Questions on How To Count Workers

Hi Folks -

How's everyone doing? Kind of a tough time these days.

To that end, at work I've been working on something to try to understand the impact of COVID-19 closures on Massachusetts' most vulnerable workers. So far we've looked at part-time vs. full-time workers (workers who've worked 48+ wks and 35+ hrs per week vs. everyone else), and gig-economy (ish) workers (who we've set to class of worker == 7, self-employed, unincorporated).

But I'm not confident we're using the best variables to understand these problems. So I'm wondering if folks on the forum have some ideas about how to use PUMS data to obtain these numbers for NAICSP job codes:

* Part-time vs. full-time employment by NAICSP

* Gig-Economy workers

* Tipped Workers

* Undocumented Workers (this has been particularly challenging)

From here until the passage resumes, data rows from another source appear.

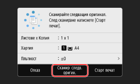 1 | Поставете следващия оригинал на стъклото за сканиране и натиснете [Сканир. следв. оригин.]. Следващият оригинал се сканира и се показва същият екран. Повтаряйте този процес, докато сканирането на всички оригинали приключи. Също така можете да натиснете [Плътност] и [Тип на оригинала], за да промените настройките за всеки оригинал. Ако размерът на оригинала е различен, част от изображението може да липсва или изображението може да бъде отпечатано умалено на хартията. |
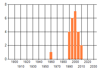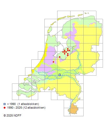 Het aantal atlasblokken (5x5 km) waarin de soort is gemeld binnen een periode van vijf jaar (vanaf 1980) of twintig jaar. Niet gecorrigeerd voor waarnemersinspanning en het aantal doorgegeven waarnemingen kan sterk variëren per periode, dus een trend in verspreiding kan hier niet direct uit worden afgelezen. Het opgegeven jaartal is het eerste jaar van de periode. Bron: gevalideerde waarnemingen uit de NDFF.
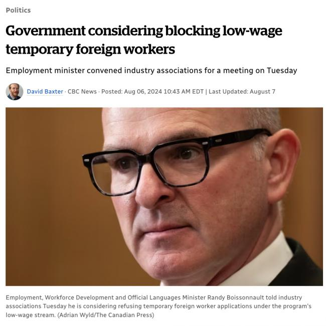 加拿大就业和劳动力发展部长Randy Boissonnault的办公室透露,周二他在与商业协会的会上指出,联邦政府正在考虑拒绝那些工资低于规定标准的临时外国工人(TFW)申请。
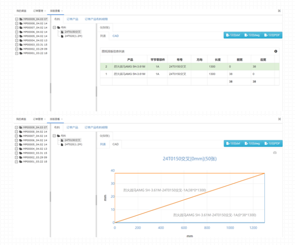 使用AI排产排版算法,通过选择订单产品,根据零部件大小、剪裁要求以及订单数量自动智能生成排版图纸。图纸在不借助AutoCAD等第三方软件的前提下,支持在线排版图纸预览、导出图片、导出CAD格式的dxf和dwg以及导出pdf。
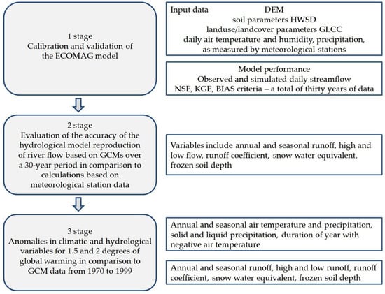 Methods for assessing changes in the water regime of large rivers using physically based spatially distributed hydrological models and GCMs have been developed in recent years [,,]. When solving the tasks of long-term forecasting of water regime changes, the application of hydrological models of this class operating on a daily time step allows for sufficient detail assessment of the physical mechanisms of river basin response to climatic impacts, taking into account regional characteristics and reducing uncertainties of river flow change estimates.
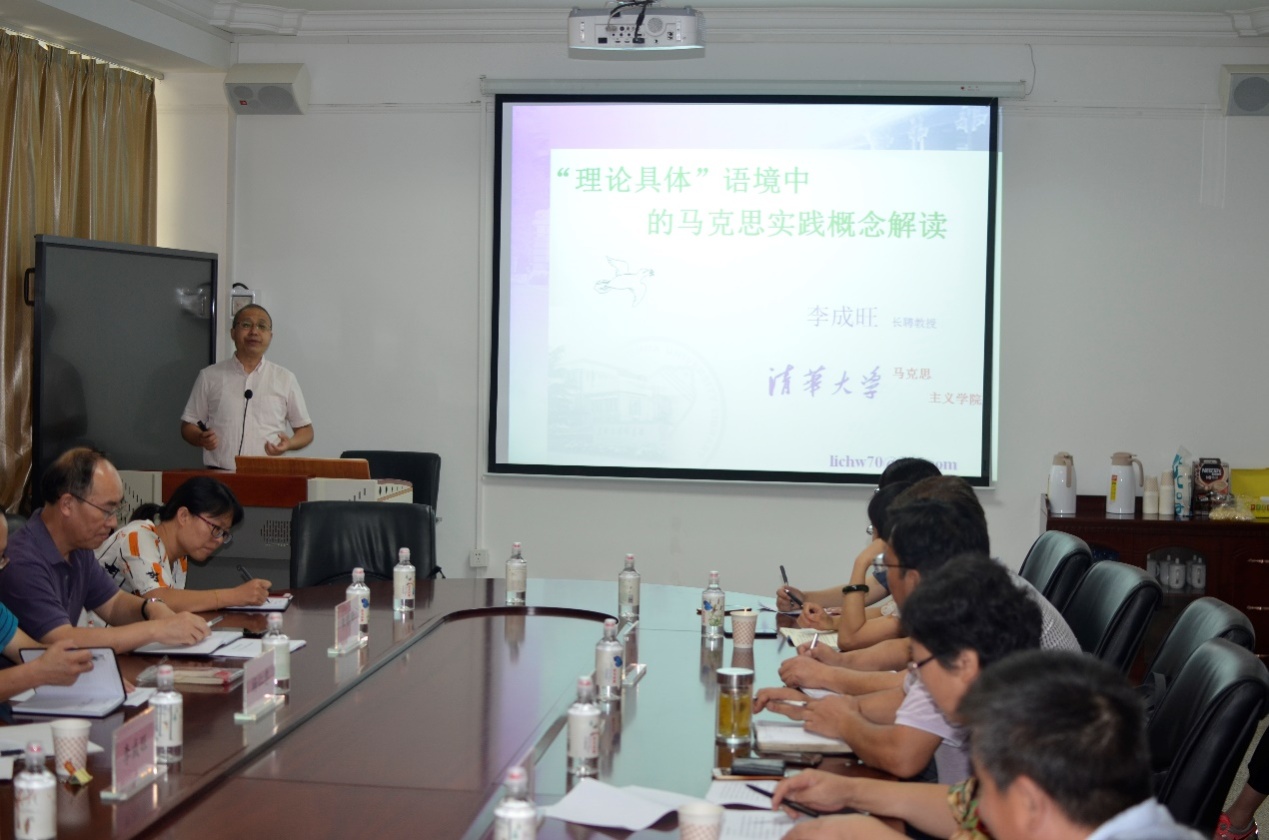 第一阶段由清华大学长聘教授、伟德bv1946博士生导师李成旺教授做了题为“‘理论具体’语境中的马克思实践概念解读”专题报告,李教授梳理了古代以来的西方哲学思想,把它们概括为“逻辑在先”思维模式,而马克思思想与之最大的区别就在于坚持逻辑的与历史的相统一原则,坚持从人类社会的物质生产实践出发去理解人类社会自身的历史,从而克服了旧思维模式的唯心主义局限性,创立了自己的历史唯物主义。
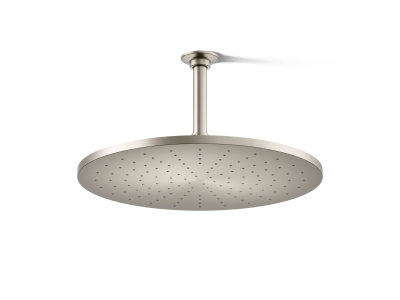 Enjoy a shower that simulates the soaking deluge of a warm summer downpour. This KOHLER® contemporary-style round ceiling-mount/wall-mount rainhead features innovative Katalyst® air-induction technology, which efficiently mixes air and water to produce large water droplets and deliver a powerful, thoroughly drenching overhead shower experience. Its clean design and durable finish coordinate with many other KOHLER® faucets and accessories.
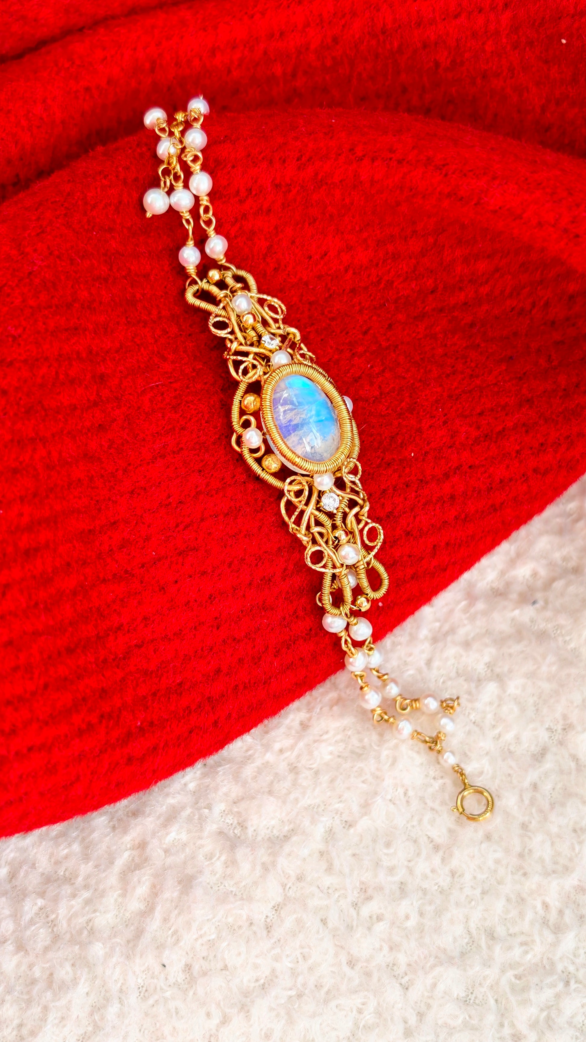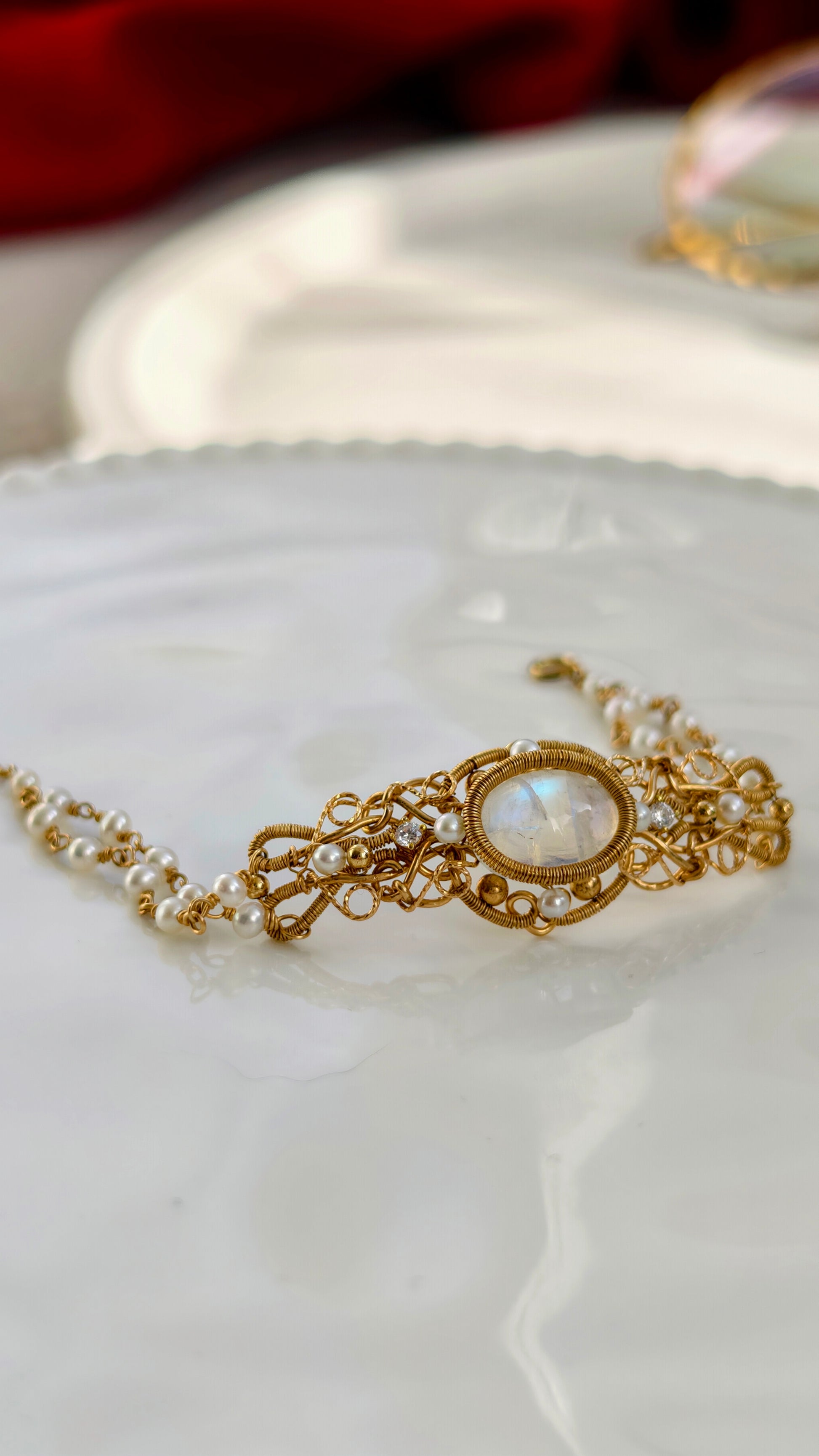 Draped in hand-twisted gold wire and centered with a glowing moonstone cabochon (adorned with its signature adularescent shimmer), this bracelet is more than jewelry—it’s wearable magic. Delicate freshwater pearls and tiny sparkling accents weave through the intricate wirework, blending vintage romance with bohemian grace.
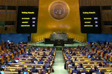 当地时间12月12日,联合国大会召开紧急特别会议,以压倒性票数通过决议,要求巴以冲突双方立即停火。
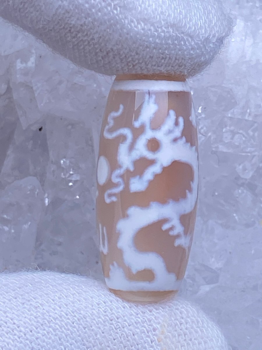 - 即決 0521e167 新入荷★【チベット老玉髄龍神天珠】★ 25x11mm(新品)
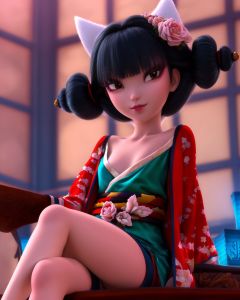 <lora:宝青坊主:0.8>,1girl,solo,animal ears,hair bun,double bun,short kimono,animal ears,black hair,looking at viewer,bangs,sash,crossed legs,
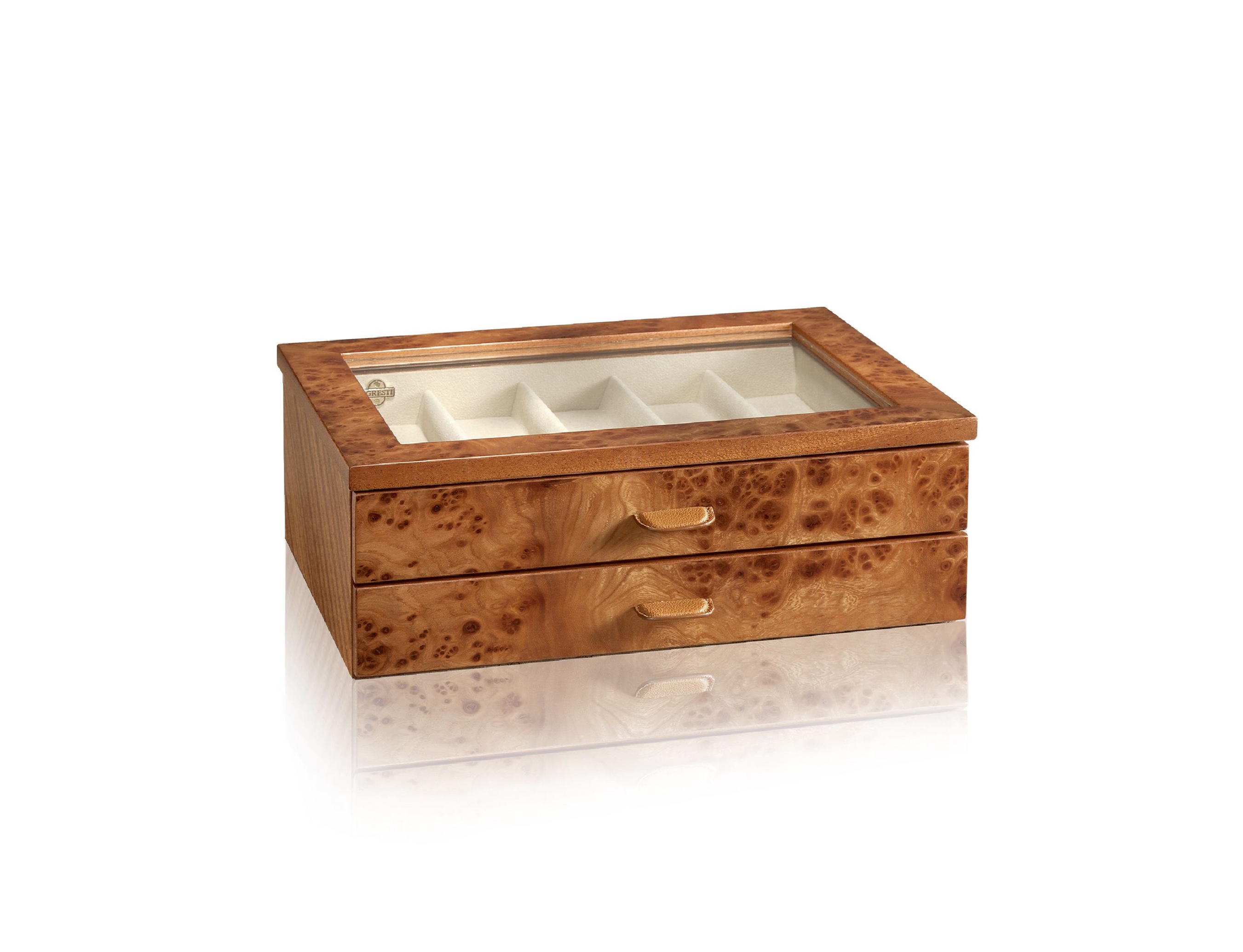 Шкатулка для хранения часов изготовлена из корня вяза и красного дерева. Внутри покрытие из защитной замши. Ручки из кожи. Шкатулка предназначена для хранения 9-ти часов. Шкатулка Agresti станет великолепным подарком ценителям времени и красивых вещей. 31x25x11h cm
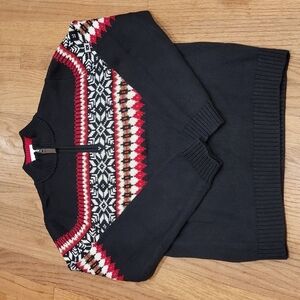 Hanna Andersson boys' black, red and cream fair isle sweater. Half zip, Mock turtleneck, 100% organic cotton. Very gently used, EUC (excellent condition). Size 150 is equivalent to a US 12. Size chart says fits 52-68 inches height, and 75-95 lbs.
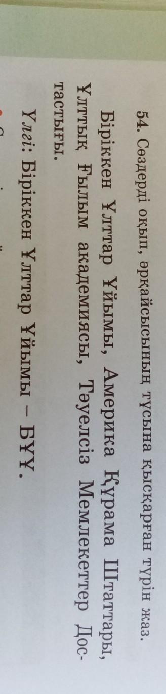 54. Сөздерді оқып, әрқайсысының тұсына қысқарған түрін жаз.
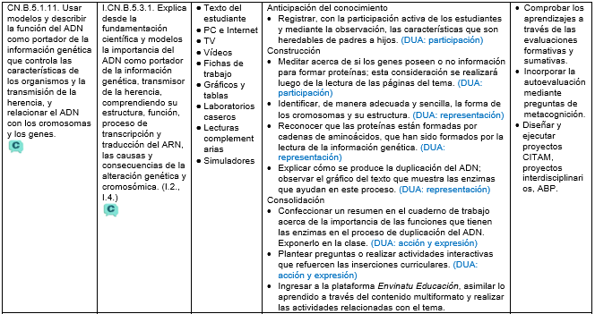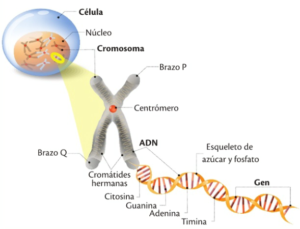 CN.B.5.1.11. Usar modelos y describir la función del ADN como portador de la información genética que controla las características de los organismos y la transmisión de la herencia, y relacionar el ADN con los cromosomas y los genes.
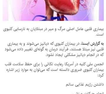 در افرادی که دیالیز می شوند مقدار بعضی از مواد در خون تغییر میکند که دراین صورت لازم است در مصرف مواد غذایی دقت شود. به منظور پیشگیری از ایجاد مشکلات تغذیه ... ادامه مطلب
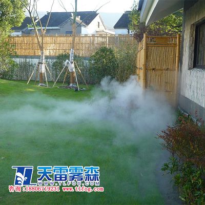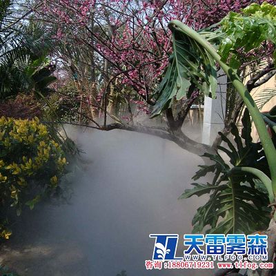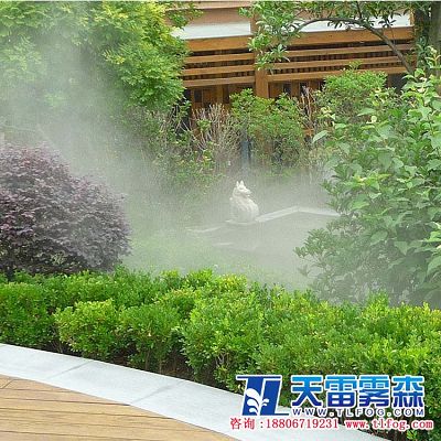 霧縈繞在樹叢之間,大自然的味道在似真似幻中得以再現(xiàn),在這樣一種霧與樹木所營造的空間里,帶來一絲纏綿而又清新的意境。飄渺的霧覆蓋在碧綠的草地上,仿佛再現(xiàn)了山野田園的自然風貌,而霧的升華,更有效的滋潤、保護了綠地的生長,可謂一舉兩功效。
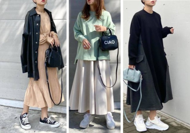 かごバックやヒールといったアイテム使いは、おしゃれさんに格上げしてくれるコツです。白や黒、ヌードカラーでシンプルにまとめれば、こなれ感がアップ!
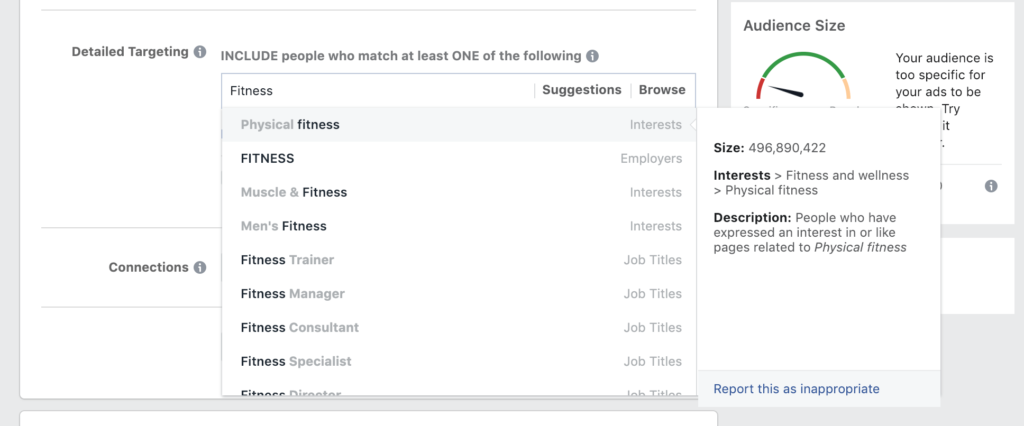 - Narrow down your audience: Avoid targeting broad interests that may have a large audience but lack specificity. Instead, focus on niche interests that align with your product or service.
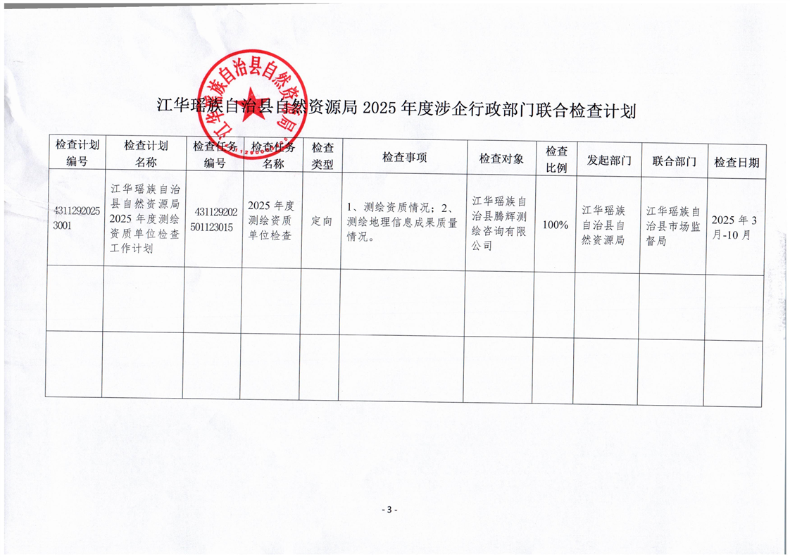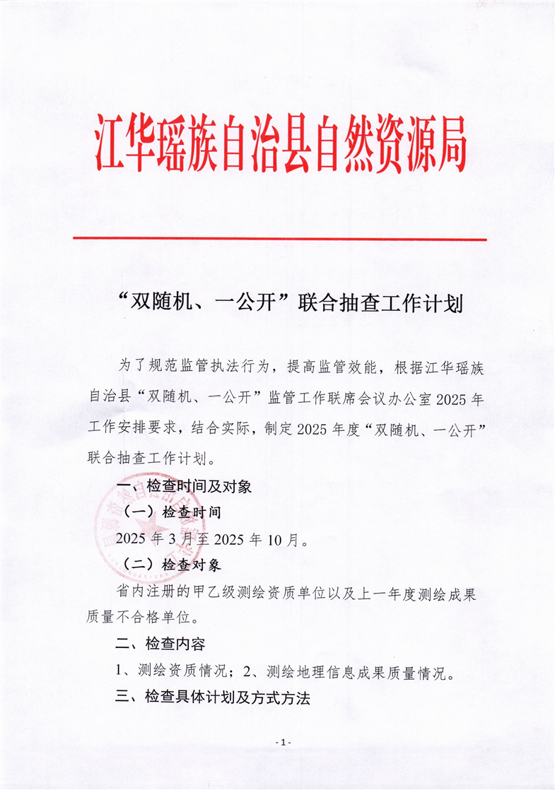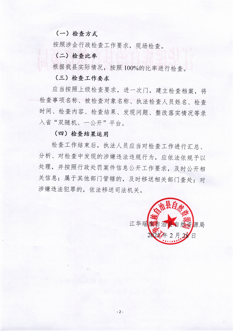 江华瑶族自治县自然资源局2025年度“双随机、一公开”联合抽查工作计划

I'm relatively fluent in the coding and aggregating, I'm just having trouble figuring out some best practices towards getting at these numbers. If anyone had any suggestions, I'd be delighted to hear from you.

Thanks,

Peter

  • Hi Peter. Since you are already familiar with the COW class of worker) and NAICSP fields, I will just comment on other important fields for classifying part-time and full-time workers. ESR (Employment Status Recode) can help you zero in on those who were actually employed at time of interview (values 1 and 2). Then, there is a group of variables that can help you distinguish full-time vs part-time workers: WKHP - usual number of hours worked per week; WKL - when last worked; WKW - weeks worked in the past 12 months; WRK - worked last week (yes or no). BTW, ESR can also be used to find those in the active miitary and distinguish them from the civilian workers. Since the ACS never asks if a person is in the U.S. legally, you would have to make some inferences about the people whose records show not a citizen for the CIT variable. (There are researchers who have developed ways to estimate the number of undocumented workers, but I don't know how that is done - Google about. ) I would not recommend using a value of 7 for the COW variable to find gig-economy workers since people with small businesses are also covered by that COW value. So, I don't really know any way to isolate gig-economy workers in the ACS. Perhaps others can chime in with their thoughts on this.

    Doug Hillmer
  • Hi Peter. Since you are already familiar with the COW class of worker) and NAICSP fields, I will just comment on other important fields for classifying part-time and full-time workers. ESR (Employment Status Recode) can help you zero in on those who were actually employed at time of interview (values 1 and 2). Then, there is a group of variables that can help you distinguish full-time vs part-time workers: WKHP - usual number of hours worked per week; WKL - when last worked; WKW - weeks worked in the past 12 months; WRK - worked last week (yes or no). BTW, ESR can also be used to find those in the active miitary and distinguish them from the civilian workers. Since the ACS never asks if a person is in the U.S. legally, you would have to make some inferences about the people whose records show not a citizen for the CIT variable. (There are researchers who have developed ways to estimate the number of undocumented workers, but I don't know how that is done - Google about. ) I would not recommend using a value of 7 for the COW variable to find gig-economy workers since people with small businesses are also covered by that COW value. So, I don't really know any way to isolate gig-economy workers in the ACS. Perhaps others can chime in with their thoughts on this.

    Doug Hillmer
  • Great - thanks Doug. Yeah, gig-economy workers seem to be particularly hard to pin-down in ACS/PUMS data.